(Data entries)
<<<<

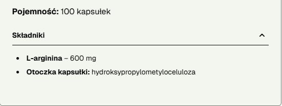 - 600 mg czystej L-argininy w kapsułce – odpowiednia dawka aminokwasu w wygodnej formie
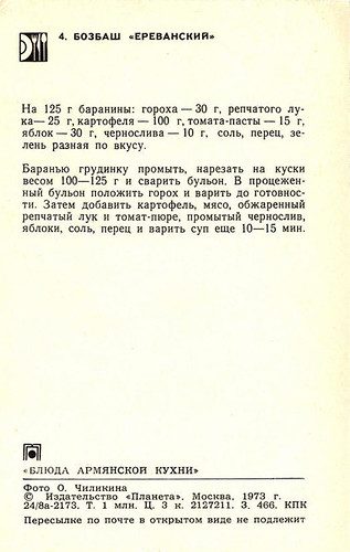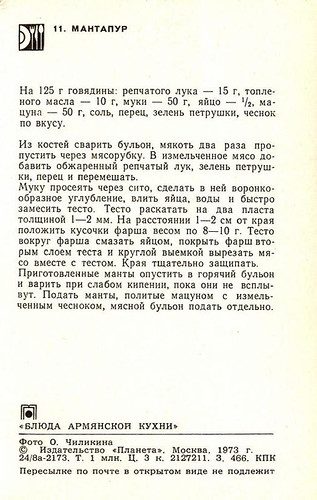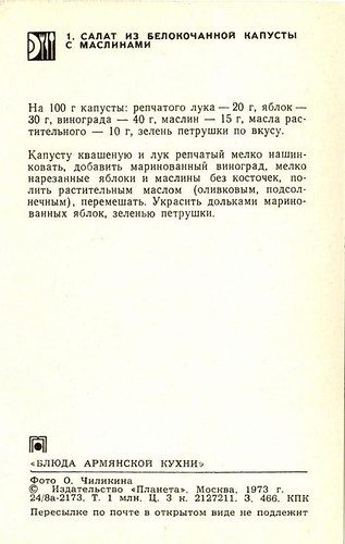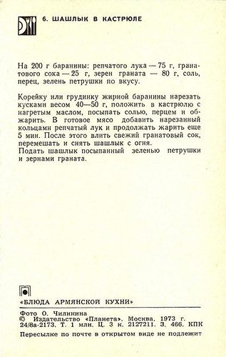 Набор открыток «Блюда армянской кухни» из серии «Блюда национальной кухни». Издательство «Планета». Москва, 1973.
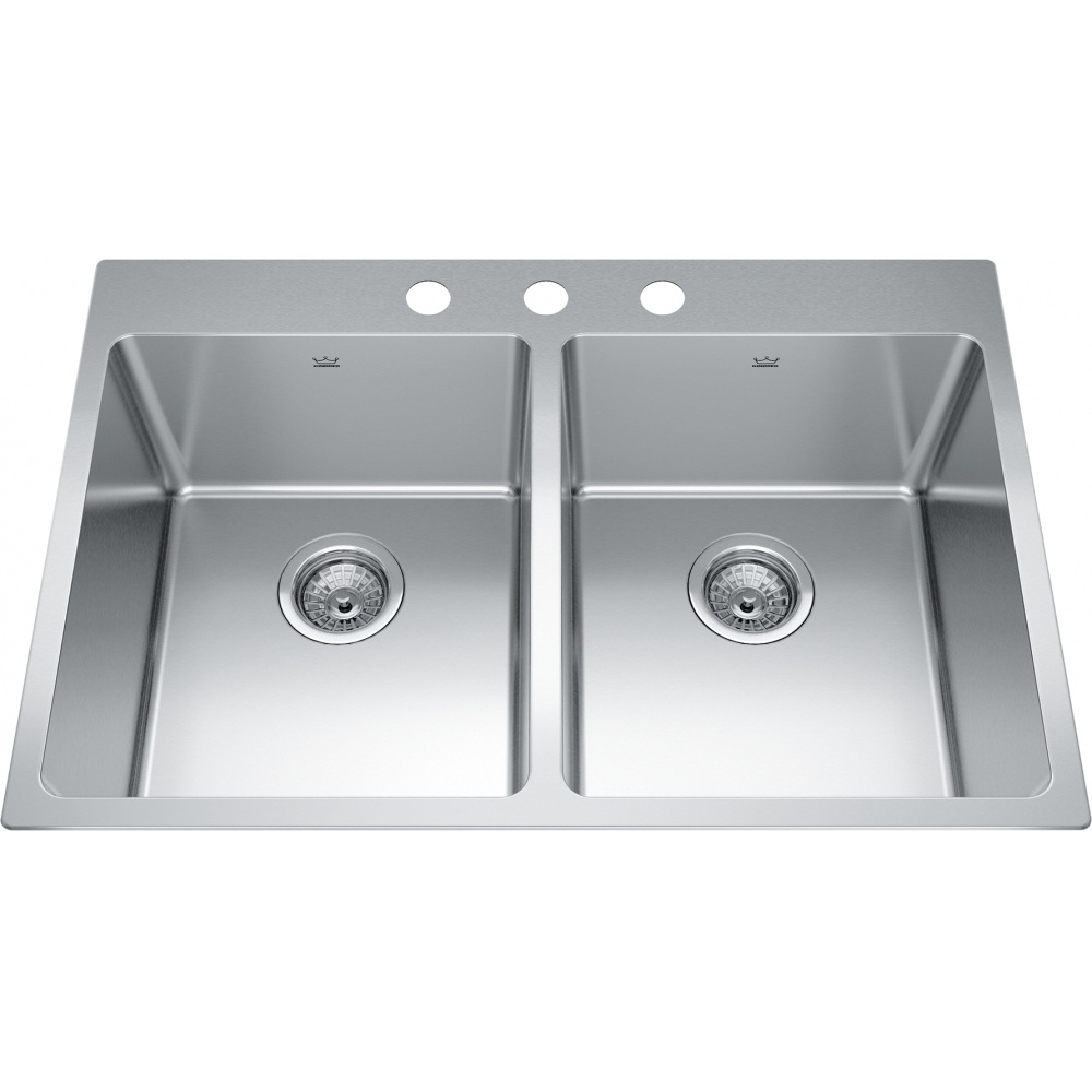 The Brookmore Collection seamlessly blends modern design and exquisite craftmanship with a satin finish that matches any kitchen interior. This drop-in sink is designed for easy installation and classic functionality. Its self-rimming edge rests neatly on the countertop surface, making it a practical choice for a wide range of kitchen or utility spaces. Ideal for renovations or replacements, this top-mount sink offers dependable performance with a straightforward, no-fuss design.
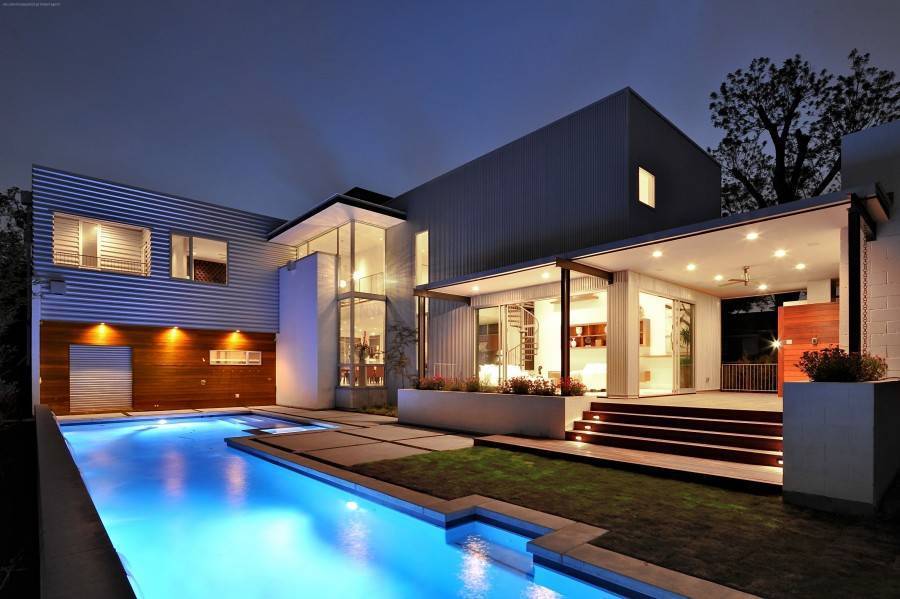 Чаще всего в такие дома включается система «умный дом», которая позволяет управлять жилищем, к примеру, закрывать шторы на всех окнах сразу. Фасад современных домов непременно удивляет своей уникальной, формой, огромными окнами, необычными пропорциями.
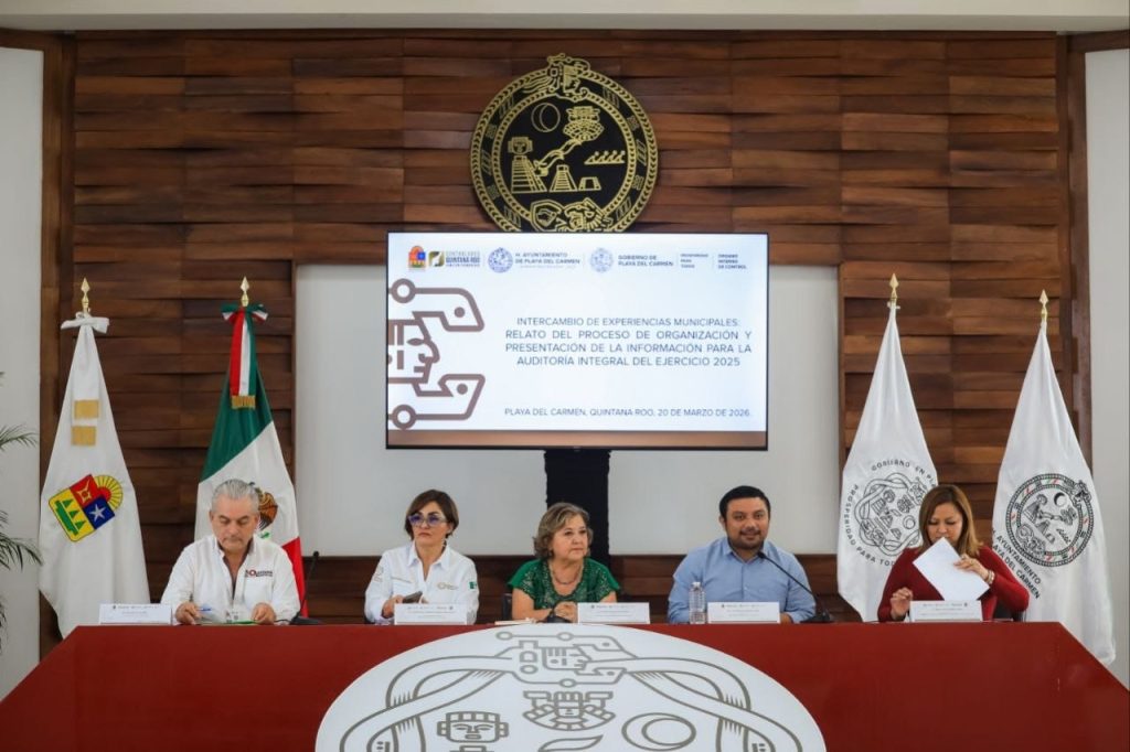 Playa del Carmen, Quintana Roo, 20 de marzo de 2026.— Por iniciativa del gobierno de Playa del Carmen, encabezado por la presidenta municipal Estefanía Mercado, y a través del Órgano Interno de Control, se llevó a cabo por primera vez un espacio de diálogo y colaboración sin precedente denominado “Intercambio de experiencias municipales”.
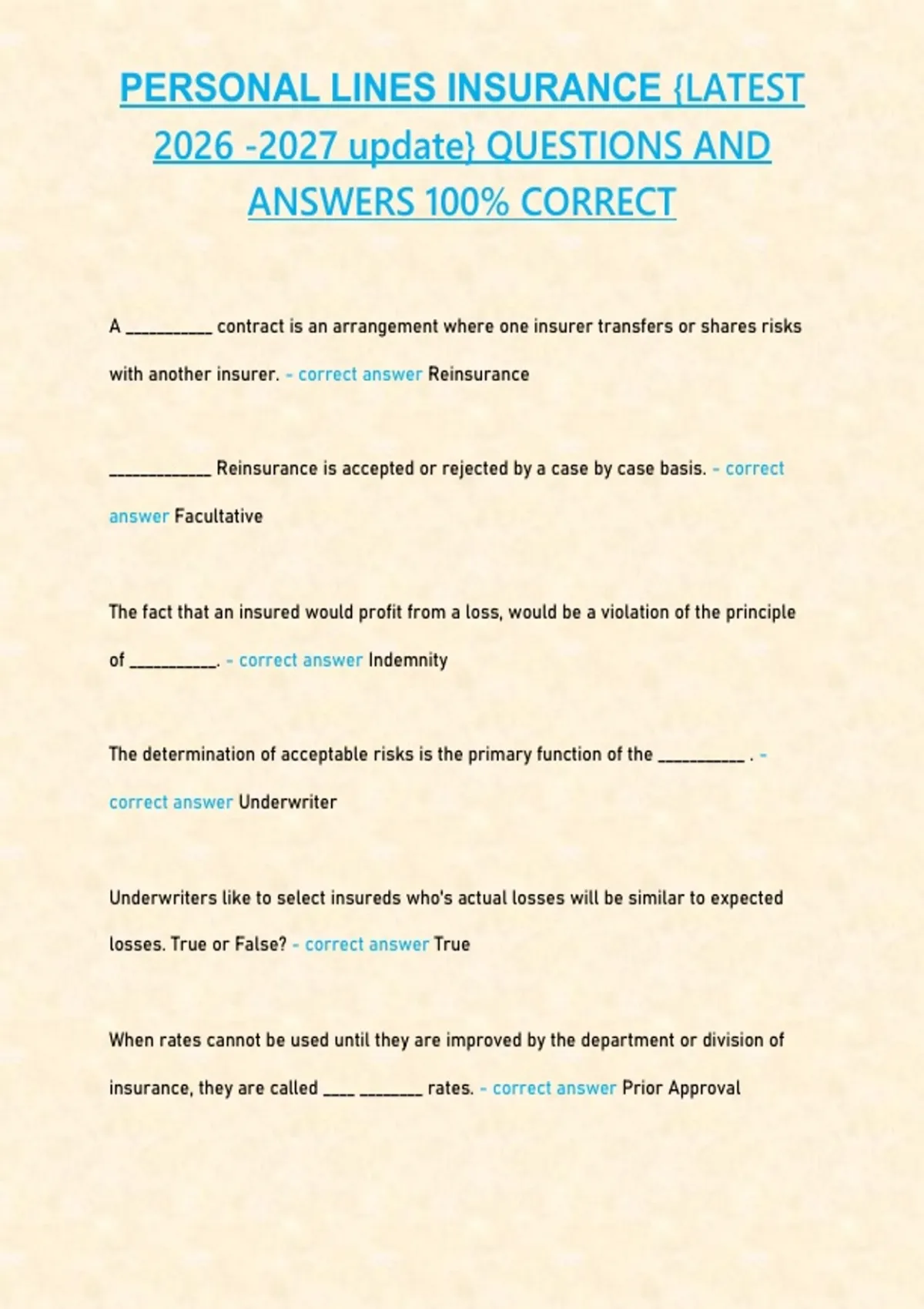 PERSONAL LINES INSURANCE PRACTICE EXAM {LATEST 2026 -2027 UPDATE STUDY BUNDLE PACKAGE WITH SOLUTIONS} QUESTIONS AND ANSWERS 100% CORRECT
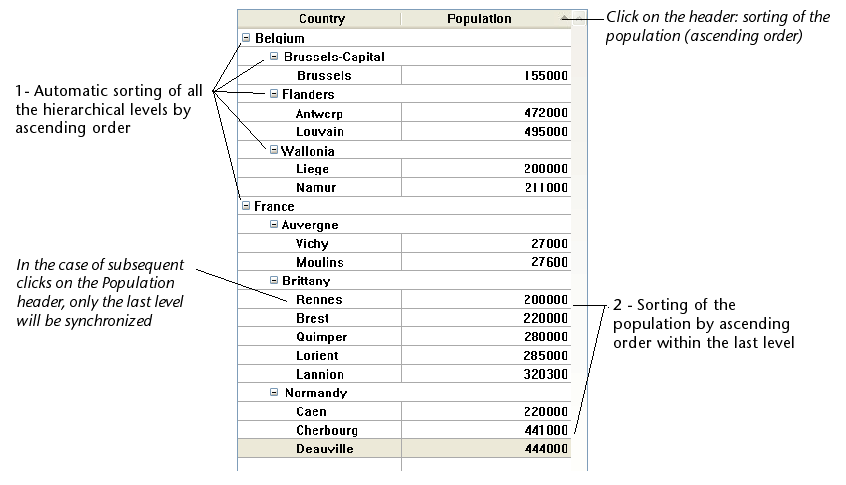 - その後の非階層列のソート時には、一番目の最後のレベルのみがソートされます。この列のソートはそのヘッダーをクリックすることで行えます。
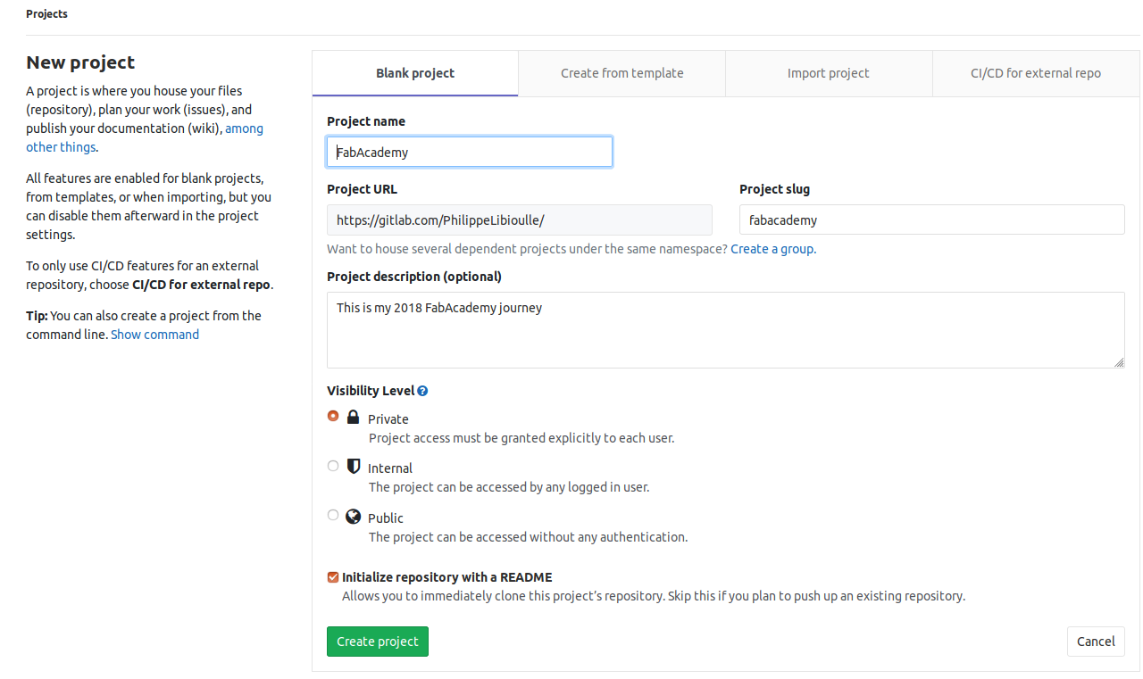 There are two options when you want to start with GitLab: the first one is to setup your own, self hosted environment (i.e "on premise") and the second one is to leverage existing cloud-based environment. Fab Cloud and my own environments are hosted on the Cloud. Then you have to create a projet (Fab Academy staff did it for you) and decide whether the project is public (anybody can see it) or private (only for people you give access to).

>>>>

* _Work required_
Copy only this from above: the line containing "Playa del Carmen, Quintana", the line containing "- その後の非階層列のソート", and all lines between, printed exactly. Leave out the pictures.

* _Output for this task_
 Playa del Carmen, Quintana Roo, 20 de marzo de 2026.— Por iniciativa del gobierno de Playa del Carmen, encabezado por la presidenta municipal Estefanía Mercado, y a través del Órgano Interno de Control, se llevó a cabo por primera vez un espacio de diálogo y colaboración sin precedente denominado “Intercambio de experiencias municipales”.
 PERSONAL LINES INSURANCE PRACTICE EXAM {LATEST 2026 -2027 UPDATE STUDY BUNDLE PACKAGE WITH SOLUTIONS} QUESTIONS AND ANSWERS 100% CORRECT
 - その後の非階層列のソート時には、一番目の最後のレベルのみがソートされます。この列のソートはそのヘッダーをクリックすることで行えます。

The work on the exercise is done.